**What to work on:**
Quote all of the data that follows exactly as written, skipping the images.

**Available data:**
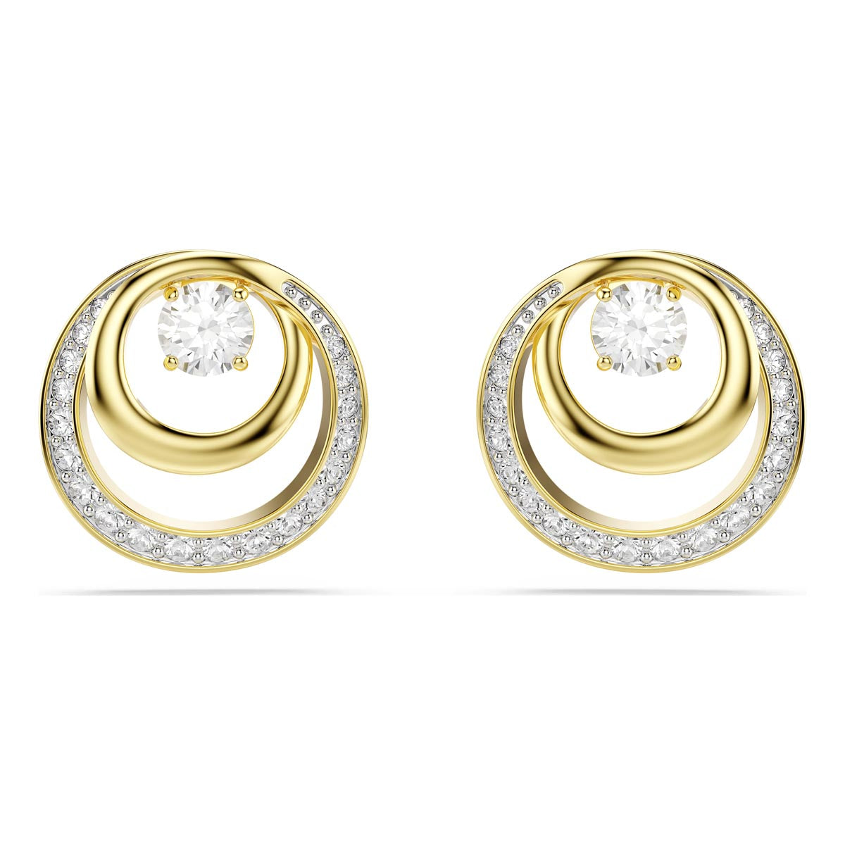 Embrace the circular style of these gold-tone plated Hyperbola earrings. Each hypnotic piece features a central Swarovski Zirconia surrounded by metallic spirals and glittering pavé. Wear them with a matching necklace or a ring to emphasize the modern sophistication.
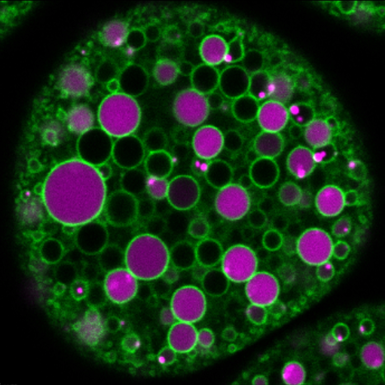3. ábra: Konfokális mikroszkópos kép egy ex vivo tenyésztett élő nefrocitáról, amely fluoreszcens jelöléssel ellátott endocitikus nyomjelzőt (magenta) és fluoreszcens jelöléssel ellátott endoszómális fehérjét (zöld) tartalmaz. A nyomjelzőt a sejt endocitózis útján felveszi a tenyésztőközegből, majd gömb alakú endoszómákba szállítja. A zöld „gyűrűk” az endocitikus vezikulumokat jelölik, mivel egy fluoreszcensen jelölt fehérje a határoló membránba kerül. Az ilyen kísérleti felállások lehetővé teszik az endocitikus transzport vizsgálatát az endocitikus szállítmány és az endoszomális érési folyamat szabályozó fehérjéinek egyidejű megjelenítésével.
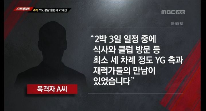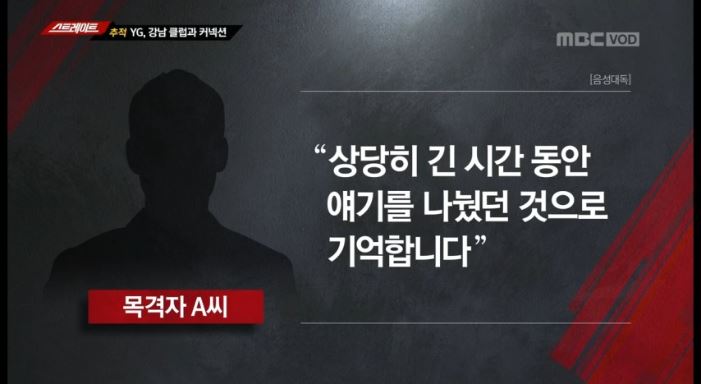 이 목격자의 진술로만 봤을땐 태국인 밥씨의 일행은 YG측의 초대에 응해 한국을 방문한 것이고 그 이후로도 지속적인 만남을 이어왔다고 볼수 있다는 것입니다.

**Answer to this problem:**
 Embrace the circular style of these gold-tone plated Hyperbola earrings. Each hypnotic piece features a central Swarovski Zirconia surrounded by metallic spirals and glittering pavé. Wear them with a matching necklace or a ring to emphasize the modern sophistication.
3. ábra: Konfokális mikroszkópos kép egy ex vivo tenyésztett élő nefrocitáról, amely fluoreszcens jelöléssel ellátott endocitikus nyomjelzőt (magenta) és fluoreszcens jelöléssel ellátott endoszómális fehérjét (zöld) tartalmaz. A nyomjelzőt a sejt endocitózis útján felveszi a tenyésztőközegből, majd gömb alakú endoszómákba szállítja. A zöld „gyűrűk” az endocitikus vezikulumokat jelölik, mivel egy fluoreszcensen jelölt fehérje a határoló membránba kerül. Az ilyen kísérleti felállások lehetővé teszik az endocitikus transzport vizsgálatát az endocitikus szállítmány és az endoszomális érési folyamat szabályozó fehérjéinek egyidejű megjelenítésével.
 이 목격자의 진술로만 봤을땐 태국인 밥씨의 일행은 YG측의 초대에 응해 한국을 방문한 것이고 그 이후로도 지속적인 만남을 이어왔다고 볼수 있다는 것입니다.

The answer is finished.